COVID-19: A Pandemic Analyzed As A “System” — And some suggested strategies for the future

My research and writing specialty is the economics of urban form and transport. I enjoy dialectical analysis of wicked problems, and discovering “unintended consequences” that are the explanation for failure of popular policies. For example, certain popular kinds of prescriptive urban planning create distortions that undermine the very intention of the planning. This is the focus of more than one of my essays.

As the COVID-19 pandemic has proceeded, I have noticed certain features that deserve more attention. I do not intend to delve into medical complexities; only to suggest extra-medical factors that might be missed because the focus is heavily on certain politicized factors.

For example, when borders were closed, when enforced quarantining of foreign arrivals was imposed, when lockdowns were imposed, how many ventilators were available, how much PPE was available, who was responsible. Quite enough is being said about these things already.

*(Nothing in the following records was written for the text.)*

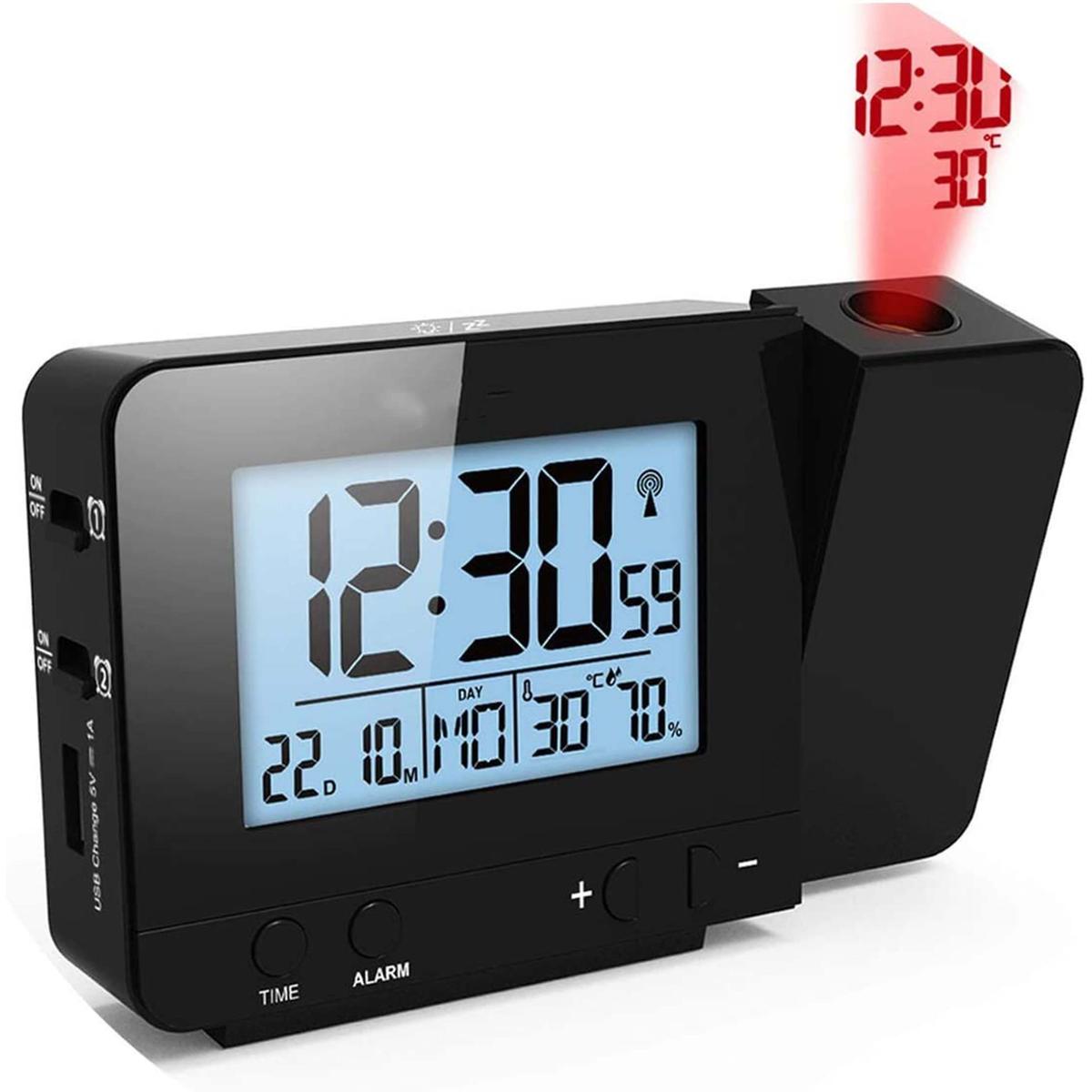 This alarm clock offers wall or ceiling projection, temperature, humidity display, dual alarm with snooze function, auto brightness and night mode.
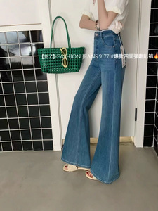 IEZ91771四面弹不贴腿直筒喇叭裤女2025秋高腰显瘦宽松牛仔微喇裤
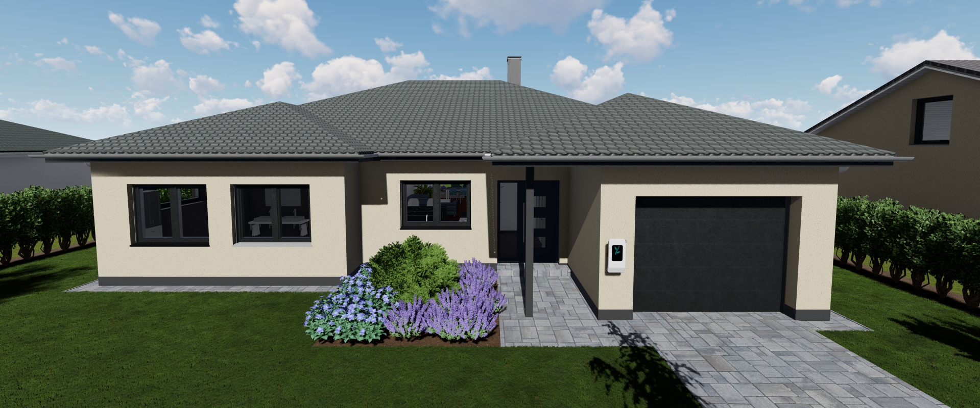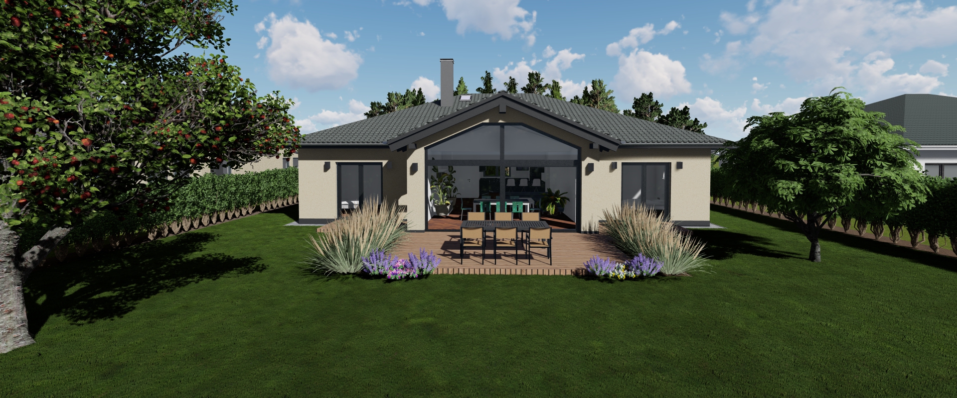 Unser Bungalow 120 vereint viele gute Eigenschaften: Durchdacht, komfortabel, praktisch & schick. Von der Küche hat man den Eingang immer im Blick, vom Wohnzimmer schaut man in den Garten. Und dennoch liegen beide Räume direkt beieinander. Die hohe Kathedraldecke mit viel Glas sorgt für Licht und Großzügigkeit.

In my research about urban economies, I constantly find broad assumptions being made by policy makers and expert advisors based on “national data”; for example on housing affordability, home ownership, mortgage debt and so on. But some nations have a whole lot of completely disparate outcomes among their own cities; especially the USA. San Francisco, Houston and Detroit are worlds apart, as urban economies. National-aggregate data is useless. Within cities — more correctly, “urban areas”, there is a known variety of “forms” and densities. This means that “urban area” density data produces some surprising outcomes at times — for example, Los Angeles urban area is denser than the New York urban area. To understand urban areas properly, it is necessary to dig deeper into the data: New York is an extremely dense, tall urban core surrounded by low density suburban sprawl spreading for dozens of miles in several directions. Los Angeles lacks a significant core and lacks truly high density anywhere, and yet its suburbs are so overwhelmingly medium density (comparable in fact with Western European suburbs) rather than the very low density found in New York urban area’s suburbs, that its overall density is “dragged up” to exceed the other’s.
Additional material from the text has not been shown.